Croatian–Bulgarian battle of 854 was the first known military conflict between the armies of Bulgaria (from 913 Bulgarian Empire), under the rule of Boris I, and the Duchy of Littoral Croatia, ruled by Duke Trpimir I, during the First Croatian-Bulgarian War. It was fought on the Croatian territory in the vicinity of the Croatian–Bulgarian border in present-day northeastern Bosnia and Herzegovina. None of warring sides emerged victorious, Bulgarian forces retreated and finally both parties subsequently concluded a peace treaty.

Background 

In the middle of the 9th century Bulgaria was a powerful country in the central and eastern Balkans. The Bulgarian ruler Boris I from Krum's dynasty made an alliance with the Moravian Prince Rastislav to strengthen his position against King Louis II of Germany, the ruler of East Francia. On the other side, Duke Trpimir I of Croatia was a faithful Frankish vassal. Between 846 and 848, he occasionally but effectively fought against the Byzantine Empire and the Republic of Venice both on land and sea.

After the successful war against Rascia, a medieval Serbian state, Bulgaria's ongoing expansion to the west reached Croatian borders. Bulgarian forces invaded Croatia approximately in 853 or 854 in northeastern Bosnia, where Croatia and Bulgaria bordered at the time.

Battle and aftermath

According to available sources, there was only one major battle between the Bulgarian army and the Croatian forces. Sources say that the invading army led by the powerful Bulgarian Khan Boris I fought Duke Trpimir's forces on the mountainous territory of present-day northeastern Bosnia and Herzegovina in 854. The exact place and time of the battle is not known due to the lack of contemporary accounts of the battle. Neither Bulgarian nor Croatian side emerged victorious.
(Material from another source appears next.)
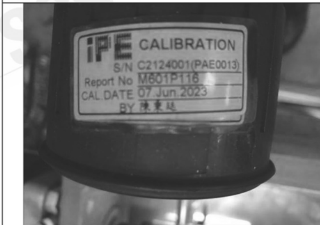
照片 E：水壓表校正標籤

Very soon afterward, both Boris of Bulgaria and Trpimir of Croatia turned to diplomacy and reached a peace treaty. Negotiations resulted in a long term establishment of peace with the border between the Duchy of Croatia and the Bulgarian Khanate stabilized at the Drina River (between modern-day Bosnia and Herzegovina and the Republic of Serbia).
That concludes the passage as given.